Documentation of measles vaccination is not required for school attendees in Quebec [1] or Seitzerland. Many students who lack documentation of vaccination probably receive measles vaccine as a result of routine childhood vaccination programs; however, lack of systematic vaccination in this population leads to accumulation of susceptibles, and measles outbreaks can occur. School vaccination requirements in the United States have been highly effective in increasing vaccine coverage among school-aged children and in decreasing the incidence of measles [2].

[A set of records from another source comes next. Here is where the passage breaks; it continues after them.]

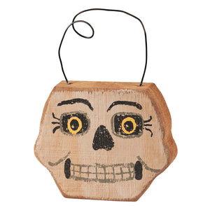 - Our Skeleton Face Chunky Sitter is easy to hang for display via the attached wire hanger or can free stand on a flat surface
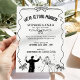 Celebrate your wedding with a playful black and white invitation featuring a whimsical ribbon frame, hand drawn doodle accents, and a sweet illustrated couple at the bottom. This design is fully customizable and available with different couple illustrations to reflect your style, so you can choose the look that feels most like you. Personalize the wording, fonts, and colors to match your day, and reach out anytime if you’d like coordinating pieces for a complete wedding suite.
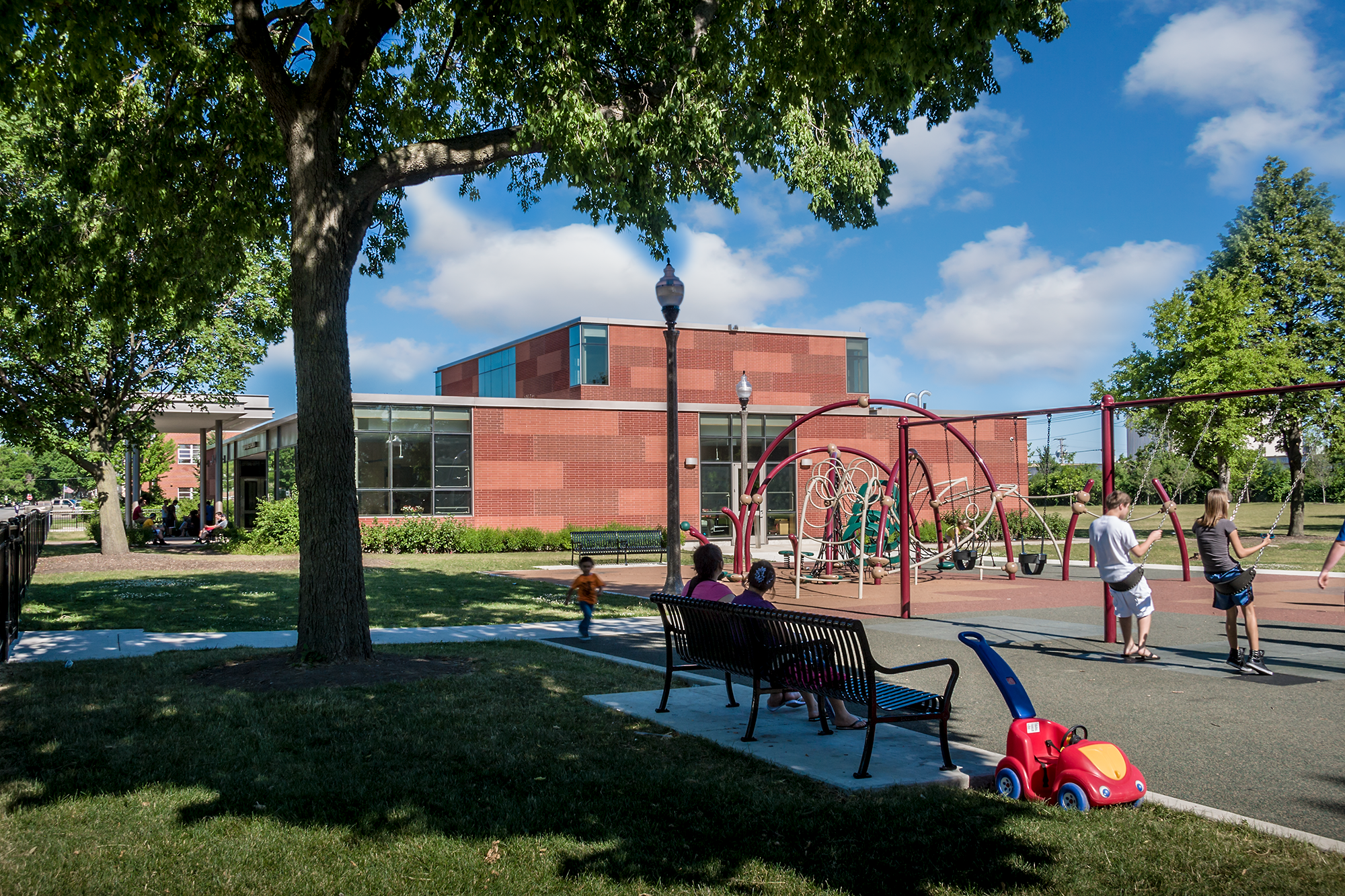 This prototype houses a gymnasium, two clubrooms, a fitness room, and administrative support. Booth Hansen developed a simple, classic form using patterned masonry and exposed steel, with a compact plan that allows views from the glazed entry through the building to the park beyond.
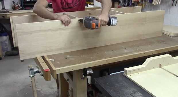 Hice a mis cajones 2" de profundidad. Esto me permitió obtener 6 cajones por sección. Corté 6 dado 1/4" por 1/4" en todas las canalizaciones verticales (ambos lados de las dos medias canales). Cortan 4 mortajas equidistantes en la pieza superior e inferior a las canalizaciones verticales. Luego pegado y atornillado todos juntos asegurándose estaba cuadrado antes de colocar el panel posterior.
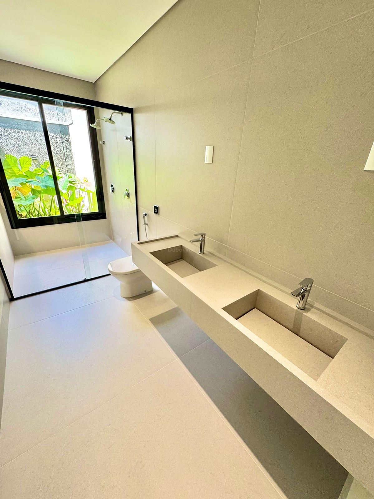 - Banheiro da suíte com duas pias e dois chuveiros
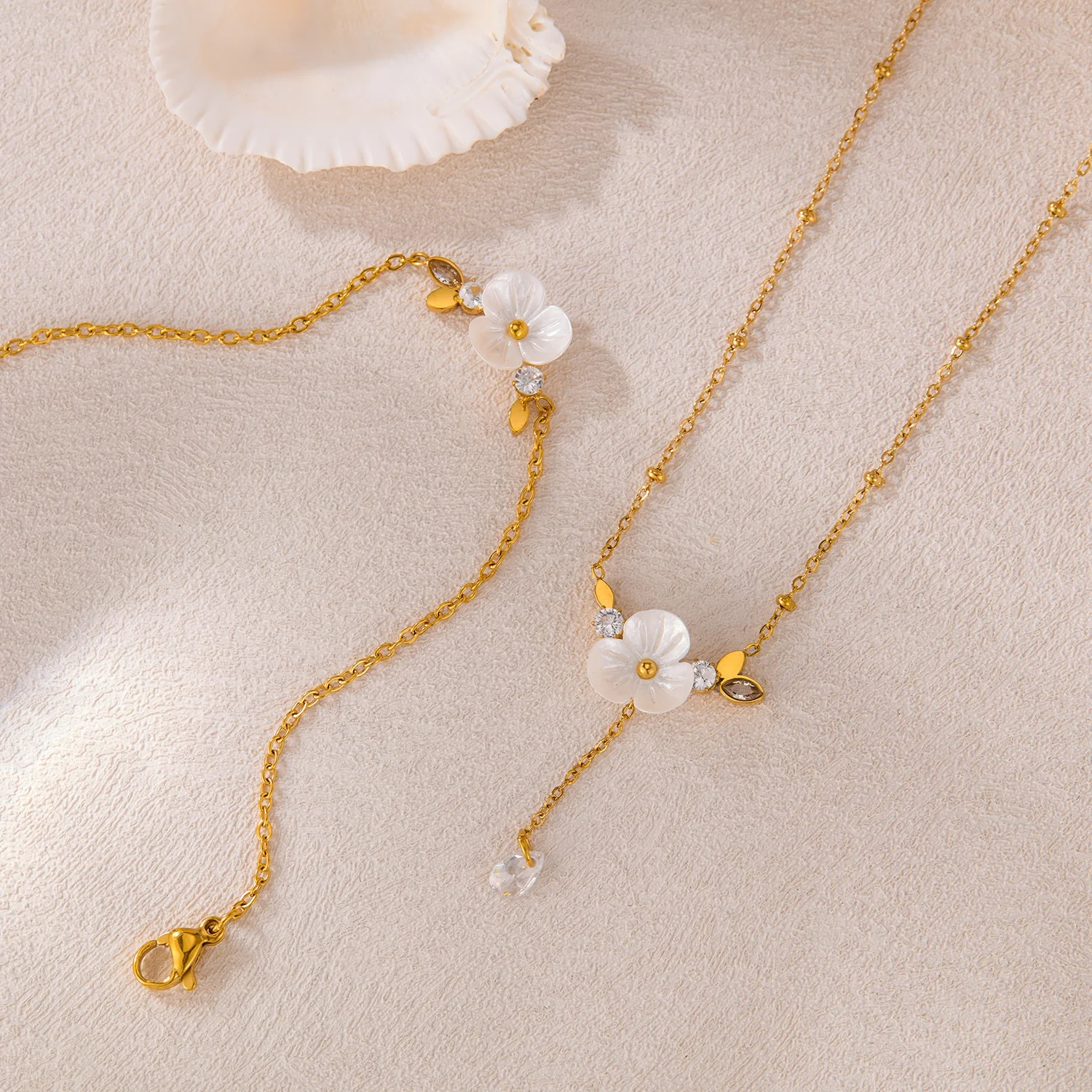 Ilona Camellia Zircon Stainless Steel Bracelet Necklace Fashion Design 18k Gold Plated Jewelry Sets Accessories for Anniversary
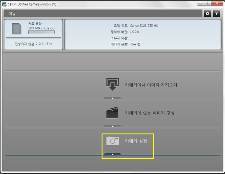 (2) 프로그램이 실행되면 하단에 [카메라 설정] 메뉴를 선택합니다.
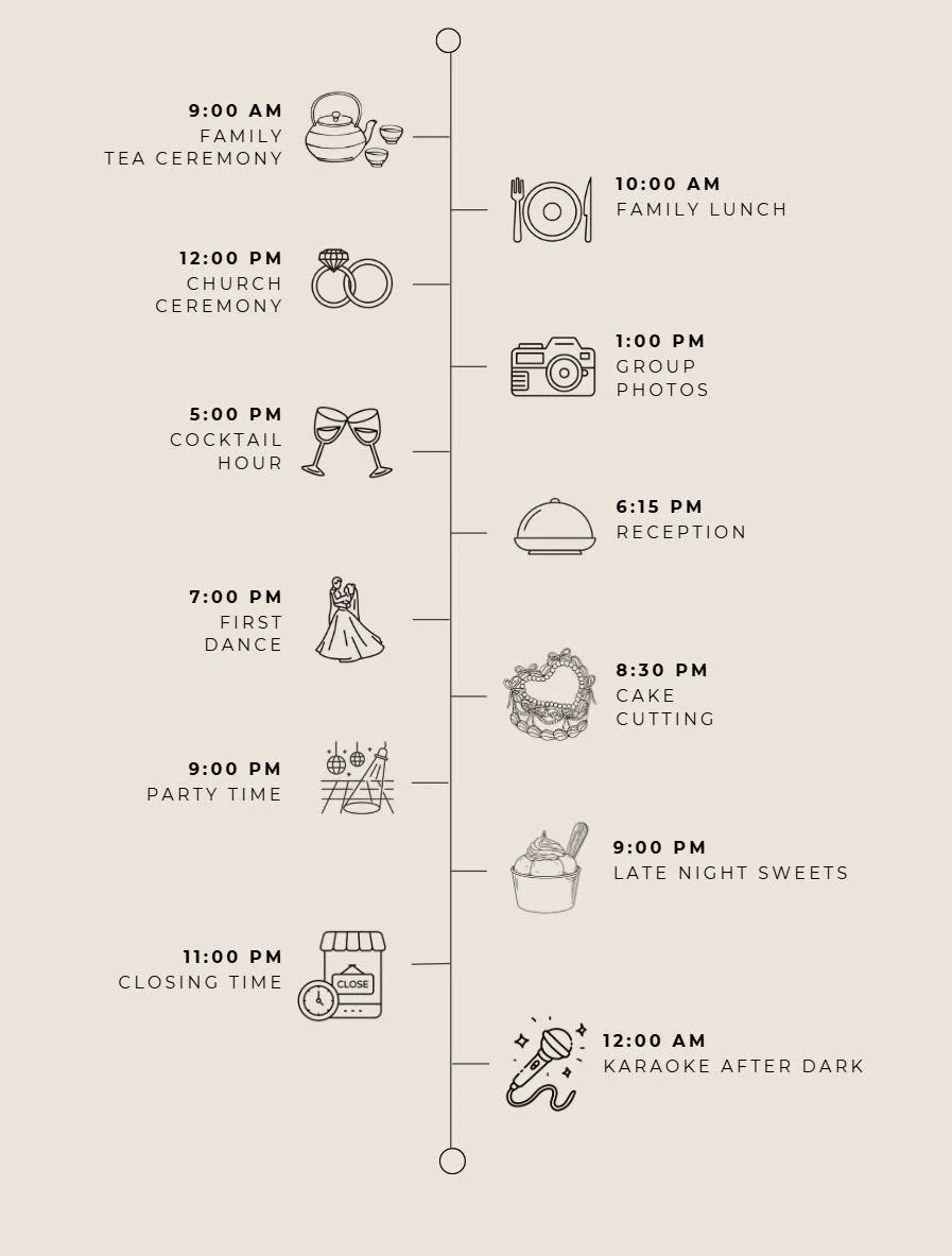 We're thrilled to share the details of our special day with you! Below, you'll find a breakdown of the wedding timeline, including the ceremony, cocktail hour, reception, and all the festivities in between. Take a look to plan your day and get ready to celebrate with us!

Outbreaks of measles in school settings can occur even with universal school vaccination requirements and high vaccination coverage. Some persons may remain susceptible as a result of exemptions to vaccination, and 2%-5% will be susceptible because of vaccine failure. In 1989, 170 measles outbreaks in the United States involving predominantly school-aged persons accounted for 32% of all reported cases. As many as 89% of patients in these outbreaks had been vaccinated on or after their first birthday [3]. Routine administration of a second dose of measles vaccine will help to reduce the number of school-aged children who are susceptible because of vaccine failure and decrease the likelihood of outbreaks in this setting [4].